In what is the most significant copyright payout in history to date, Anthropic, a leading artificial intelligence (AI) company, has agreed to a record-breaking $1.5 billion settlement in a class action suit brought by a group of authors. The case has not only sent reverberations throughout the tech industry but has ramifications for the entertainment industry and copyright holders. Currently, there are more than 40 lawsuits in the US involving copyright issues, with a significant number related to the music industry. (Reisner, 2025) This pivotal moment will reshape the future of how AI companies collect data to train generative AI, as well as redefine the fair use doctrine, copyright, licensing, and how AI companies operate.

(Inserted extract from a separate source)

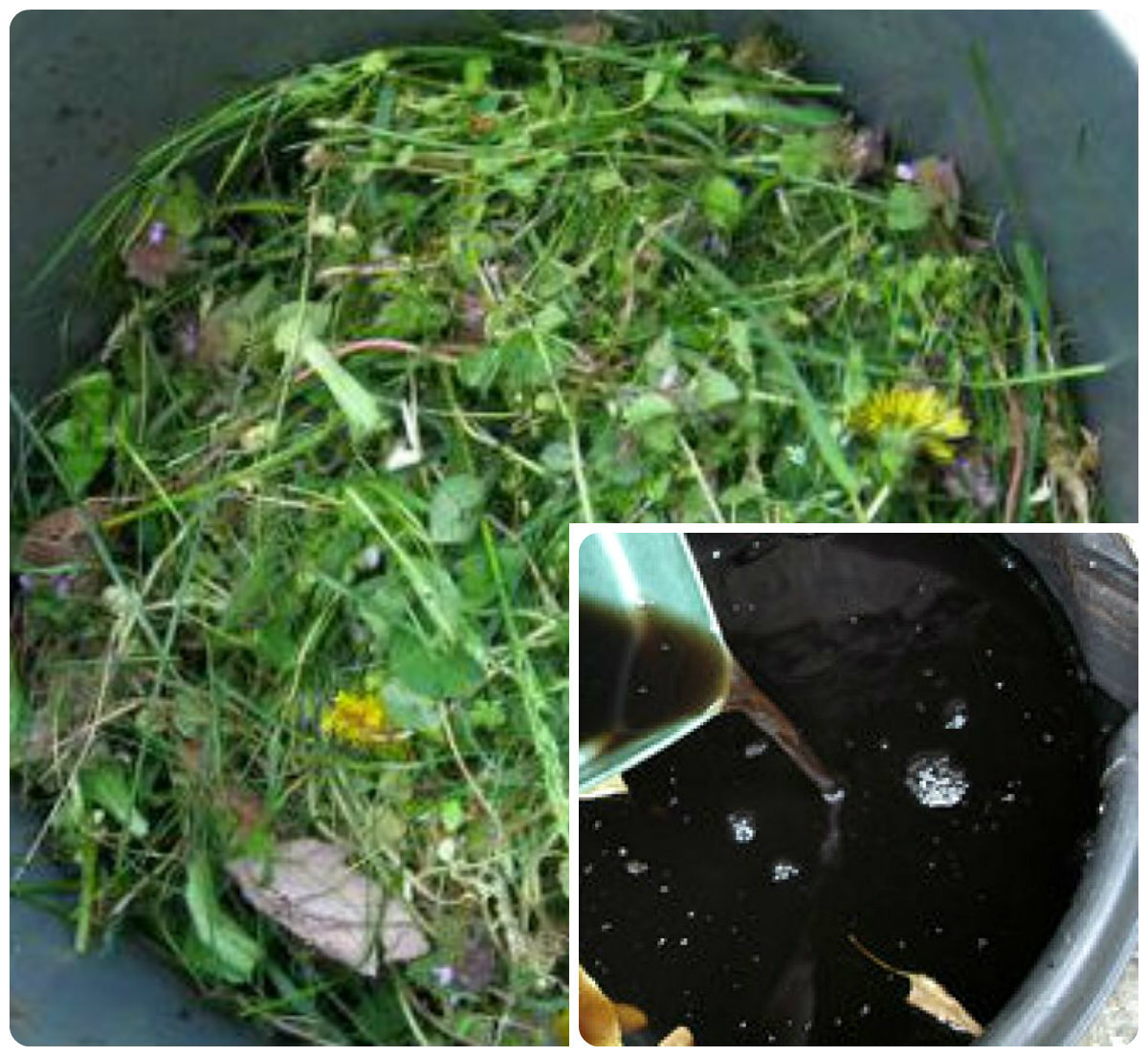Помимо зеленого удобрения с большим содержанием азота и калия, можно приготовить и удобрение с высоким содержанием фосфора, калия и микроэлементов. Такое удобрение активизирует цветение и плодоношение, улучшает качество и лежкость плодов. Я уже писала, как традиционно готовят зеленое удобрение в бочке. Но можно облегчить себе процесс использования удобрения, убрав из перечня работ процеживание и выливание осадка. Для этого соберите сорные травы в мешок из рогожи натуральной или синтетической, добавьте лопату птичьего помета или навоза, завяжите и опустите в пластиковую 200-литровую бочку. Для удобства веревки-завязки снабдите грузиками и оставьте свободными вне бочки. Залейте теплой водой не до самого верха, затяните полиэтиленовой пленкой и обвяжите бечевкой. В пленке сделайте несколько проколов шилом. Раз в два дня снимайте «крышку» и хорошенько трясите мешок за веревочки, чтобы из него активнее выделялся настой в воду. Через одну-две недели экстракт представляет собой жидкость тё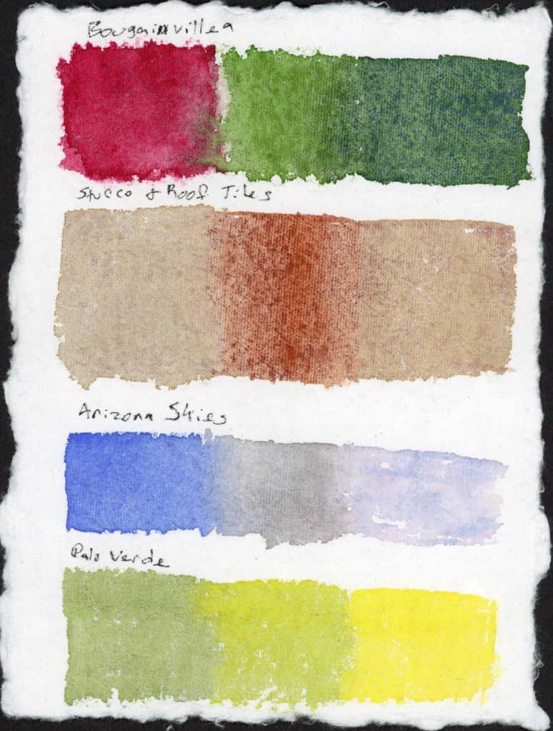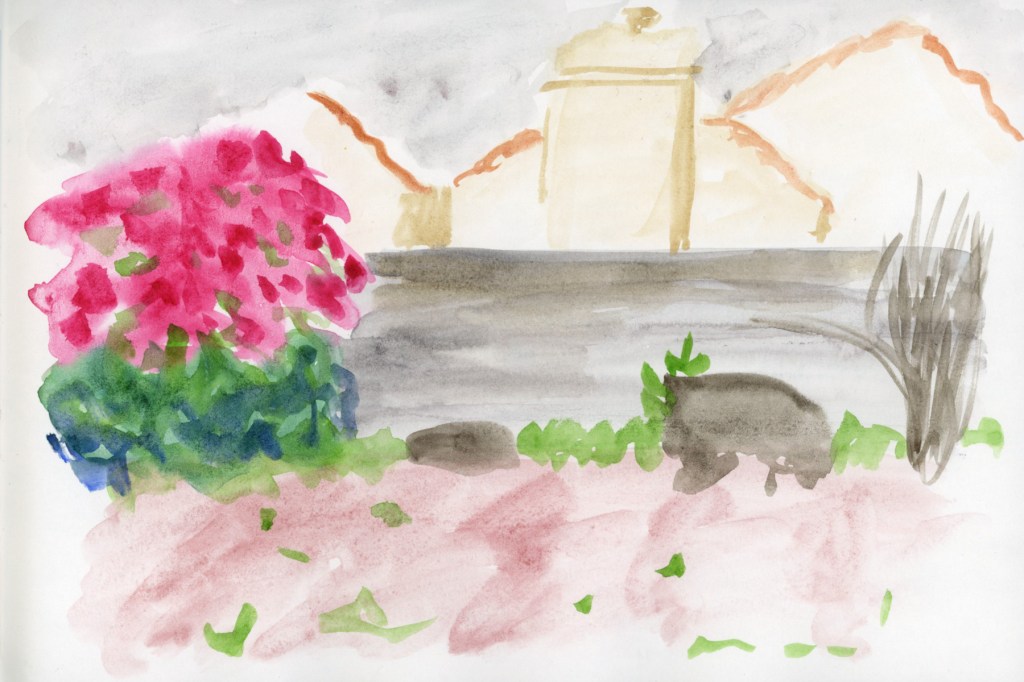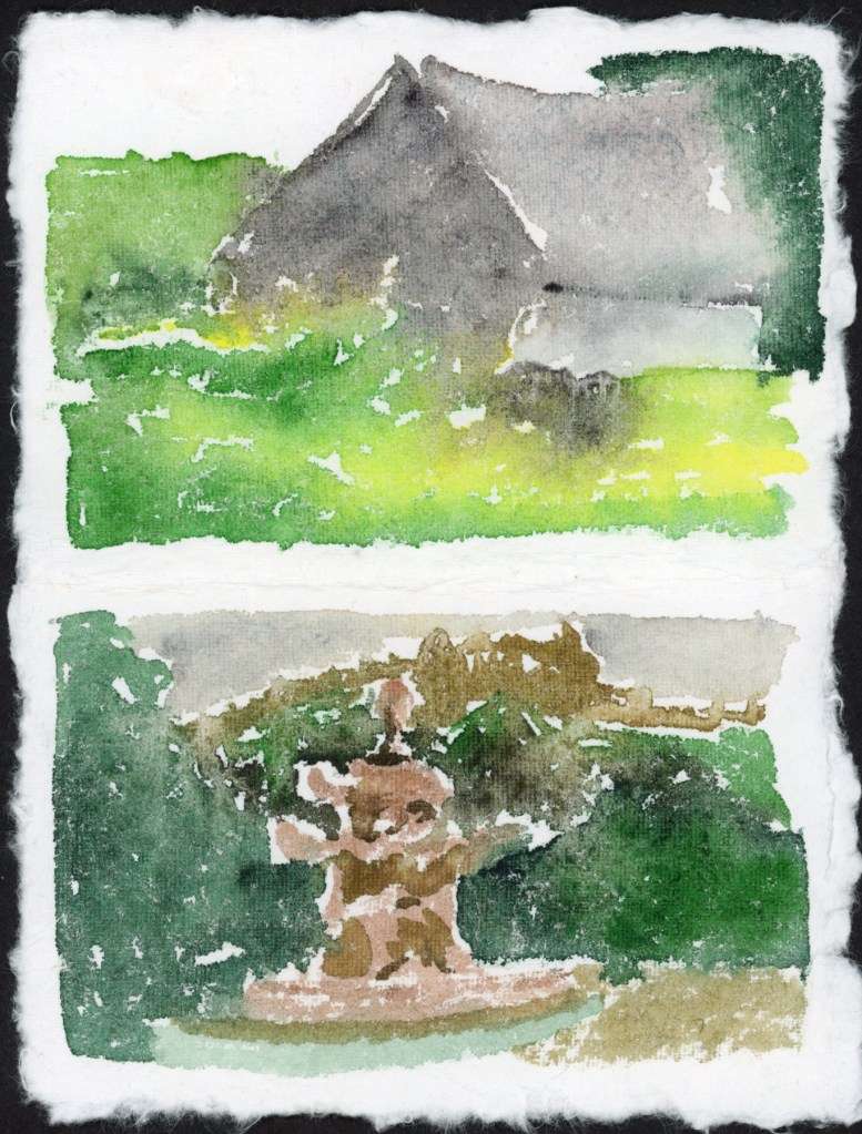 My biggest takeaway this time through was the effect of paper on how watercolor performs. I think if I use that handmade paper my sketches will need some lines to bring out the subjects, but for class, I enjoyed experimenting with direct watercolor, no lines.

On August 19, 2024, three authors —Andrea Bartz, Charles Graeber, and Kirk Wallace Johnson — filed a class action lawsuit against Anthropic, a San Francisco-based AI company founded in 2021. The suit alleged that Anthropic “built a multi billion-dollar business by stealing hundreds of thousands of copyrighted books” to train its AI models. (Bartz v. Anthropic, 2025) Over the summer, a federal judge ruled in favor of Anthropic. The judge stated that Anthropic was within its legal rights to train its AI on published books that were legally purchased. After contacting major publishers about the possibility of licensing their books, Mr. Turvey purchased physical books in bulk from distributors and retailers, according to court documents. He then hired outside organizations to disassemble the books, scan them, and create digital copies that could be used to train the company’s AI technologies. However, the ruling stated that the fair use doctrine does not apply to pirated books that the company used to train its AI platform. Late last month, the company agreed to a settlement with the plaintiffs in the class action for $1.5 billion. The final amount could be higher due to the volume of work used – approximately 500,000, which calculates to an additional $3,000 per work. The settlement further restricts Anthropic from obtaining a license for the use of the pirated material for future AI training purposes. This settlement has significant implications for the future of training AI using copyrighted material, as it may force companies to rely on synthetic data sets or obtain licenses for the restricted use of IP. As part of the settlement, Anthropic must also destroy the original files it downloaded and any copies.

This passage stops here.